§ **What is required**
Could you retype, exactly and with no pictures, only the lines from the first line of the records below through the line that contains "POR Trail Blazers VS PHX Suns"?

-------- Task input

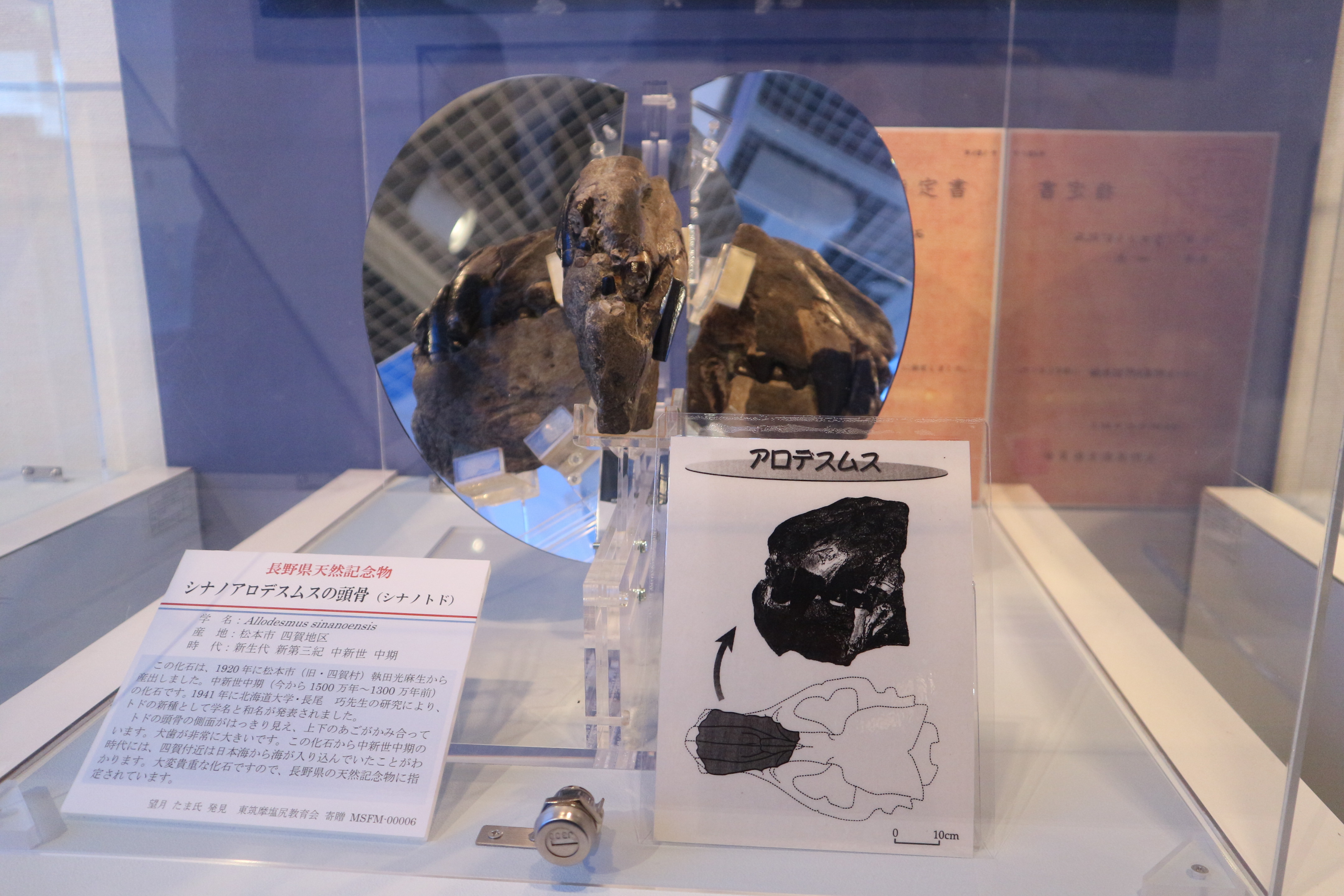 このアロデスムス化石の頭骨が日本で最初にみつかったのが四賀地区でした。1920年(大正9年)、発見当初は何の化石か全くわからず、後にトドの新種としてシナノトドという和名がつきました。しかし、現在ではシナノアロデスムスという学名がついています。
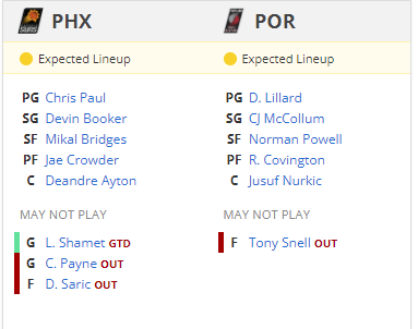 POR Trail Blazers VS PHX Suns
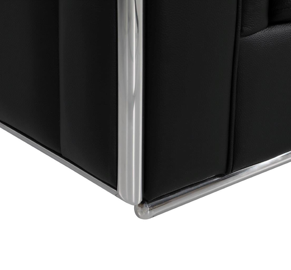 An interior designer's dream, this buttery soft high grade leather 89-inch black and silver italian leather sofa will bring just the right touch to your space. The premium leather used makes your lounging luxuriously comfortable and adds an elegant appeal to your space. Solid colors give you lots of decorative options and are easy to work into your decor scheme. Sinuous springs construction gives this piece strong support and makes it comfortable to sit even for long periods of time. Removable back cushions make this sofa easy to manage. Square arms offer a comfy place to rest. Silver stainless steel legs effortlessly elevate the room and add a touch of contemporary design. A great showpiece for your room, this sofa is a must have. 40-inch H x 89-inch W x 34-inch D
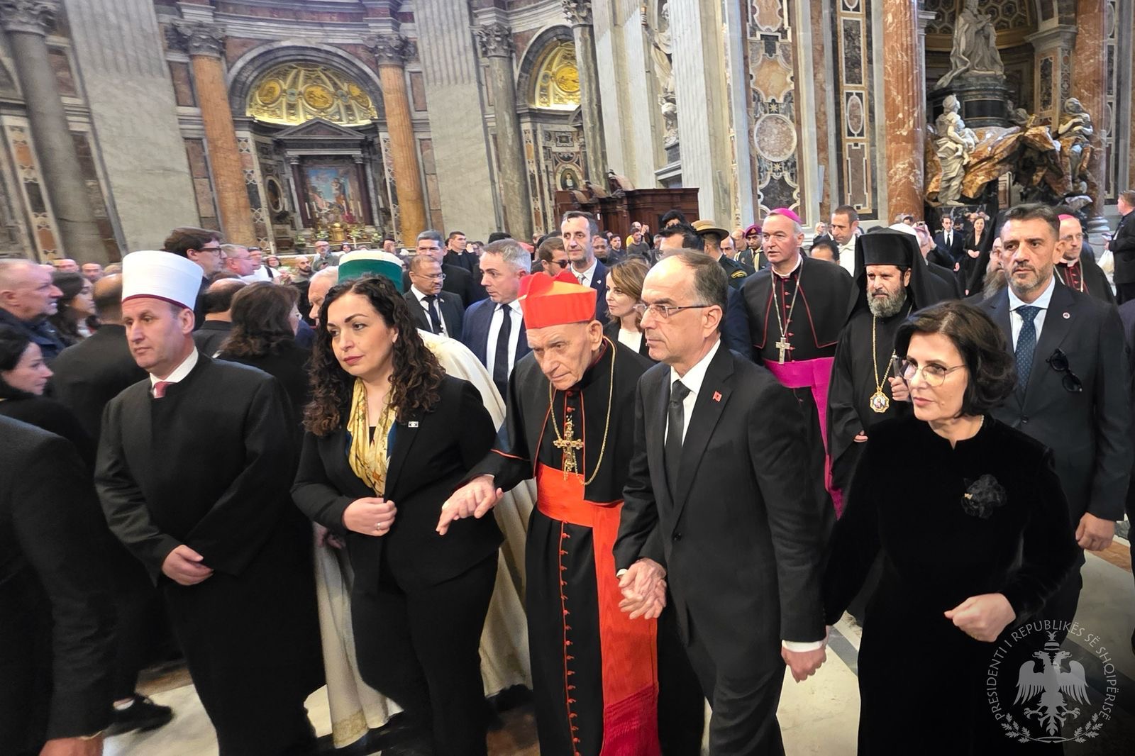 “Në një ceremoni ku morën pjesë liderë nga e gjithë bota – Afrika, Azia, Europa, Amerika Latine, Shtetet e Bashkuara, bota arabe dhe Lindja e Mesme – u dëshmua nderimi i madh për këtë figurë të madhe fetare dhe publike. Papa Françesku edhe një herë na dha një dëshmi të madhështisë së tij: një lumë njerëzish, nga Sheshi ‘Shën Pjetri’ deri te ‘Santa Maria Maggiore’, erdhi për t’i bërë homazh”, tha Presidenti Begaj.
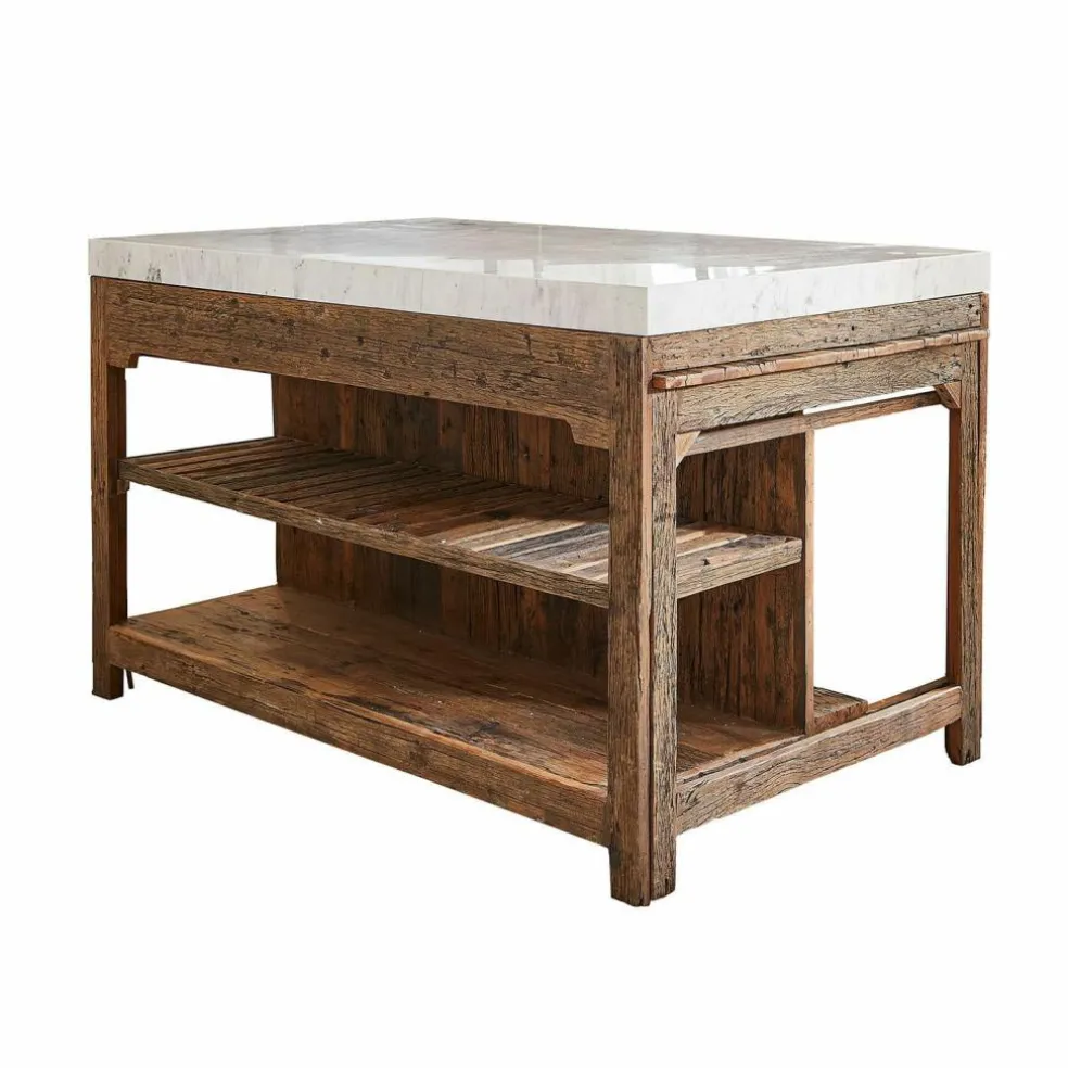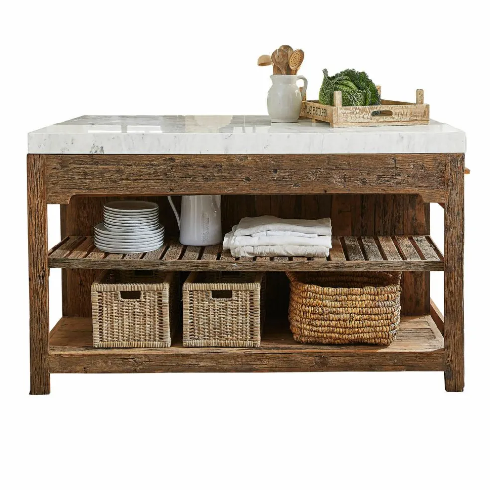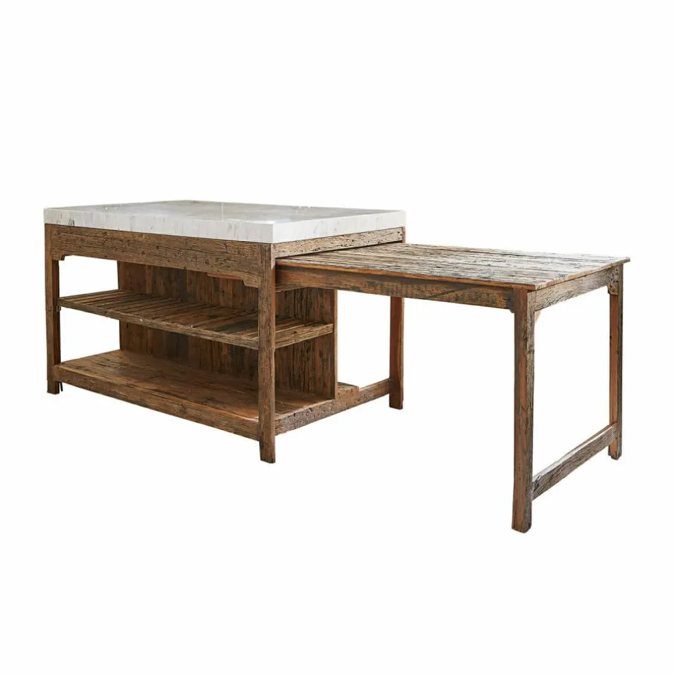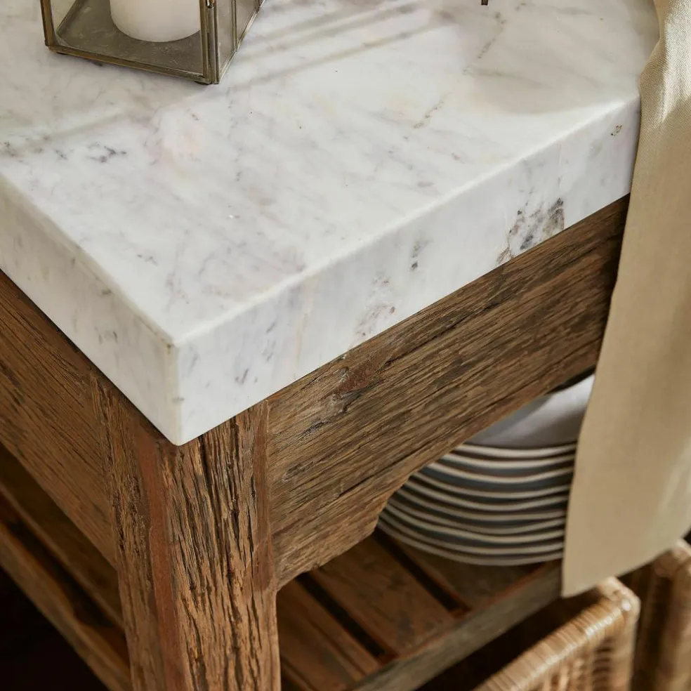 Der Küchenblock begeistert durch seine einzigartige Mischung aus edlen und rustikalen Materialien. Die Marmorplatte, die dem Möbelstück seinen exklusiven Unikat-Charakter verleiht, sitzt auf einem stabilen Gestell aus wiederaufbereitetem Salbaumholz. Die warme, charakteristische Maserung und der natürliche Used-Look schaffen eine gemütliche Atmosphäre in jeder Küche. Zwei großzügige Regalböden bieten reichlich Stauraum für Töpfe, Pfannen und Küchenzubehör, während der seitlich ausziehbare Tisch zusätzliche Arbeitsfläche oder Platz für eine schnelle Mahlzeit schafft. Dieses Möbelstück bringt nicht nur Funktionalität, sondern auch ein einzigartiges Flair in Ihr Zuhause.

----------------

§ **Answer for the task**
 このアロデスムス化石の頭骨が日本で最初にみつかったのが四賀地区でした。1920年(大正9年)、発見当初は何の化石か全くわからず、後にトドの新種としてシナノトドという和名がつきました。しかし、現在ではシナノアロデスムスという学名がついています。
 POR Trail Blazers VS PHX Suns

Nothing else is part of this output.